CBA Comment Letter re HR 2547 Comprehensive Debt Collection Improvement Act

Dear Speaker Pelosi and Minority Leader McCarthy,

On behalf of the Consumer Bankers Association (CBA), I am writing to urge you to oppose the Comprehensive Debt Collection Improvement Act (H.R. 2547) being considered this week by the House of Representatives.

CBA is entering our 102nd year as the voice of retail banking in Washington, D.C. and strongly advocates for polices that allow banks to continue offering well-regulated services to families and small businesses across the country. We are the only member-driven trade association focused exclusively on retail banking. Whether buying a home, financing an education, or launching a small business, our members partner with consumers to help them achieve their unique dreams. Our corporate members include the nation’s largest retail banks serving every part of the country, 85% of which hold over $10 billion in assets. CBA members are also the private sector lenders that make the majority of private education loans to help families finance a postsecondary education. At this time of extreme uncertainty, our banks remain in strong financial condition and continue to step up to serve the needs of consumers and small businesses.

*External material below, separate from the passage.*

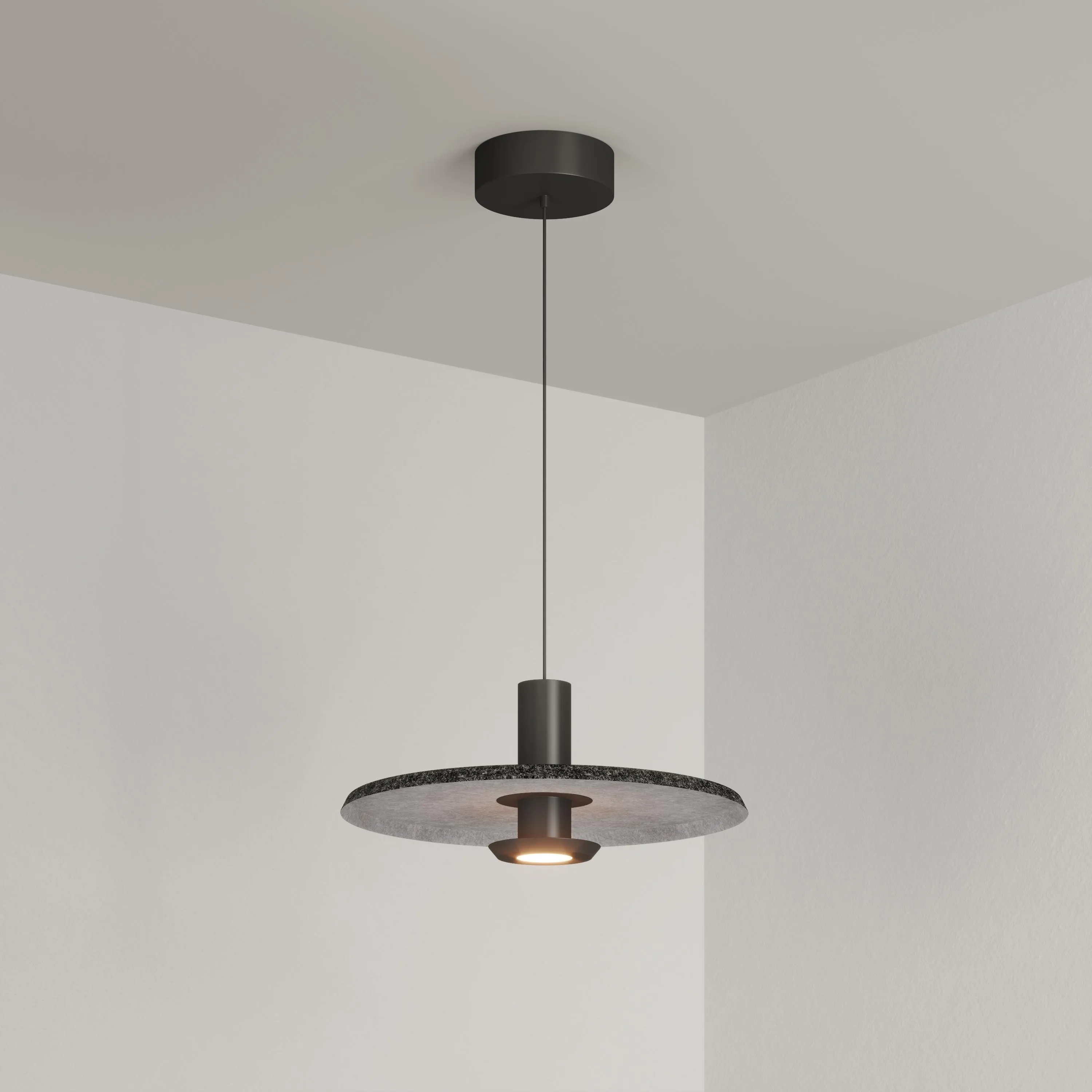 Подвесной светильник. Мощность 12 Вт, св. поток 597 лм, 49 лм/Вт, теплый 2700 K, CRI>94, угол 36°, напряжение питания 230 В. Темно-серый фигурный корпус из переработанного фетра с светло-серой внутренней поверхностью, линза-рассеиватель из PMMA, степень защиты IP20. Размер: диаметр 350 мм, высота 145 мм. Монтаж подвесной, длина подвеса 2000 мм, регулируемая. В комплекте 2 вида чаш. Габариты чаши (встраиваемая) Ø80 х 23 мм, врезное отверстие Ø60 мм. Габариты чаши (накладная) Ø120 x 35 мм. Драйвер 59 В, 300 мА, пульсация <1%. Управление по TRIAC.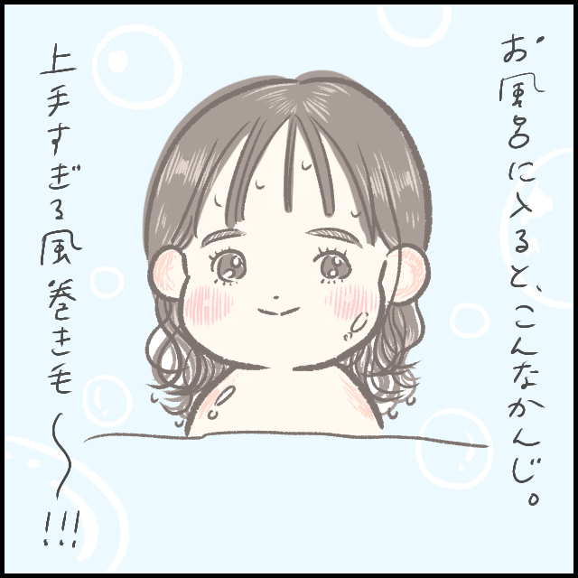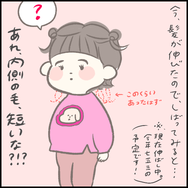 赤ちゃんのときはツーブロ風だった髪型は、おかっぱヘアーを経て、結べるほどの長さに成長したようです。お風呂で巻き髪に変身できるとは驚きです。しかし、内側はなぜか短いまま…!赤ちゃん時代のツーブロの名残りかもしれませんね(笑)。

The Comprehensive Debt Collection Improvement Act will have unintended or negative impacts on individuals and the banking services they pursue, including student loans. We have particular concern with the following provisions:

Title III—Private Loan Disability Discharge Act

The Private Loan Disability Discharge Act is unnecessary and would impose unhelpful bureaucracy into a situation where banks are already doing what the legislation would mandate. Currently, banks are discharging private student loans when the borrower becomes totally and permanently disabled. Adding a federal mandate with various extra steps and requirements will only hinder a well-functioning process and not provide any help to private student loan borrowers.

Title V—Ending Debt Collection Harassment Act

The Fair Debt Collection Practices Act (FDCPA) is not intended to apply to banks, though many voluntarily comply through normal business practices. The CFPB confirmed this in rulemaking last year.

Nonetheless we note that while the FDCPA does not apply directly to banks, it was modified last year to allow text and email communications between third-party debt collectors and customers under certain conditions. This change occurred in part because customers increasingly want to receive communications over text or email instead of phone calls or U.S. mail. The modifications did not impose a strict limit on those communications because it is hard to design a one-size-fits-all limit: what could be discussed in a 3-minute phone call could take 5, 10, or more text messages. The CFPB already has authority to punish debt collectors who abuse this privilege, and they have not hesitated to do so in the past. Provisions in this legislation requiring specific consent for texts and emails, and their frequency, will create confusing opt-in systems that will overall make it more difficult to reach customers over their often-preferred mode of communication.

In addition to these titles within the base bill we respectfully encourage members to oppose the following amendments that may be offered during consideration on the floor:

Amendment #1, Offered by Ms. Craig of Minnesota

Like with the provisions of Article III discussed above, it is already our member banks’ practice to release cosigners of private student loan agreements in the event of the death (or permanent disability) of the borrower.

Amendment #4, Offered by Ms. Bonamici of Oregon

This legislation, introduced in the 117th Congress as H.R. 1671, has never been the subject of a Congressional hearing or Committee mark-up. We are unaware of any studies or basis to support its new mandates. It is generally the role of state courts to set various evidentiary and pleading requirements for debt collections to proceed in their jurisdiction(s). These somewhat vague and inflexible conditions would supersede state and local authorities’ common practices and complicate proceedings already underway as judges and lawyers will have to work to define and abide by these new requirements.

Amendment #13, Offered by Ms. Omar of Minnesota

A study on the experiences of student loan borrowers is a worthwhile proposal that is better suited to the Government Accountability Office (GAO), which has ample expertise on conducting studies like this and would incorporate the CFPB’s views in their analysis. The GAO is further detached from the issue than the CFPB, which is directly involved in the borrowers’ experience they are tasked with evaluating here. The GAO is better equipped to conduct a holistic and unbiased study of the full range of issues affecting student borrowers.

Amendment #16, Offered by Ms. Adams of North Carolina

We remain concerned with any mandate to suppress negative consumer credit data, which dramatically complicates the underwriting process, raises costs for consumers and undermines the overall safety and soundness of the banking system. As the pandemic began Congress considered legislation that would ensure that people’s credit reports accurately reflected their current financial circumstances, while also ensuring that people are reported fairly if they have an accommodation from a lender. The result of this consideration was Section 4021 of the CARES Act, which required that lenders who have given consumers help on an account be reported to the credit bureaus as “current.” This language is working. We encourage you to avoid new policies requiring blanket suppression credit report information.

Thank you for your consideration and continued leadership. We look forward to working with you in any capacity we can.